Even his Eggheads bear a self-resemblance. Among the last works Arneson completed before his death, the last of the Eggheads were installed on campus at UC Davis in 1994. The controversial pieces continue to serve as a source of interest and discussion on the campus, even inspiring a campus blog by the same name.

One of Arneson’s most famous and controversial works is a bust of George Moscone, the mayor of San Francisco who was assassinated in 1978. Inscribed on the pedestal of the bust are words representing events in Moscone’s life, including his assassination: the words “Bang Bang Bang Bang” and “Harvey Milk Too!” are visible in on the front of the pedestal.

Arneson’s teaching career began soon after receiving his MFA degree, with a stint at Santa Rosa Junior College, in Santa Rosa, CA (1958-59). This was followed by a position at Fremont High School (1959-60) in Oakland, CA, before advancing to teach design and crafts at Mills College, also located in Oakland (1960-62).
Arneson’s next appointment (in 1962) was at UC Davis, where his gifts were recognized by Richard L. Nelson, who had founded the Art Department. It was during this period of the early 60s that Nelson was assembling a faculty that would come to be celebrated as one of the most prestigious in the nation. In addition to Arneson, Nelson had also selected Manuel Neri, Wayne Thiebaud and William T. Wiley, each of whom would go on to achieve international recognition.

Initially hired to teach design classes (in the College of Agriculture), it was Arneson who established the ceramic sculpture program for the Art Department.

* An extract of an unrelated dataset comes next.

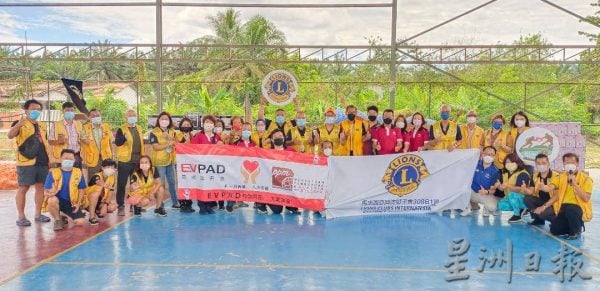 大马狮子会与批发商总会到直凉送暖,参与义工在会上合影。(颜美秀摄)

It was in many ways a bold and radical move, in that ceramics were not yet recognized as a medium appropriate for fine art at that time.

Since its founding, the campus ceramics studio has been housed in a corrugated metal building known as TB-9, and it was here that Arneson held court for nearly three decades until his retirement in the summer of 1991. Although he had been ill for some time, Arneson worked under difficult circumstances in order to conclude his academic career in an orderly manner.

Arneson’s fame is far-reaching, and his works can be found in public and private collections around the world, including the Chicago Art Institute, The Contemporary Museum, Honolulu, the Hirshhorn Museum and Sculpture Garden (Washington, D.C.), the Metropolitan Museum of Art (New York City), the Museum of Contemporary Art (Kyoto, Japan), the San Francisco Museum of Modern Art, the Smithsonian American Art Museum, the Whitney Museum of American Art (New York City) and the U.S. Embassy in Yeravan, Armenia. His creations are also at the Lowe Art Museum in Coral Gables, Florida.

The Nelson Gallery at UC Davis, where Arneson was a faculty member, owns 70 of the artist’s works, including The Palace at 9 a.m., which is currently on display in the gallery. The 70-square-foot (6.5 m2) earthenware sculpture, a depiction of his former Davis residence, is considered among his most famous sculptures. Several of his etchings and lithographs also are on display in the library.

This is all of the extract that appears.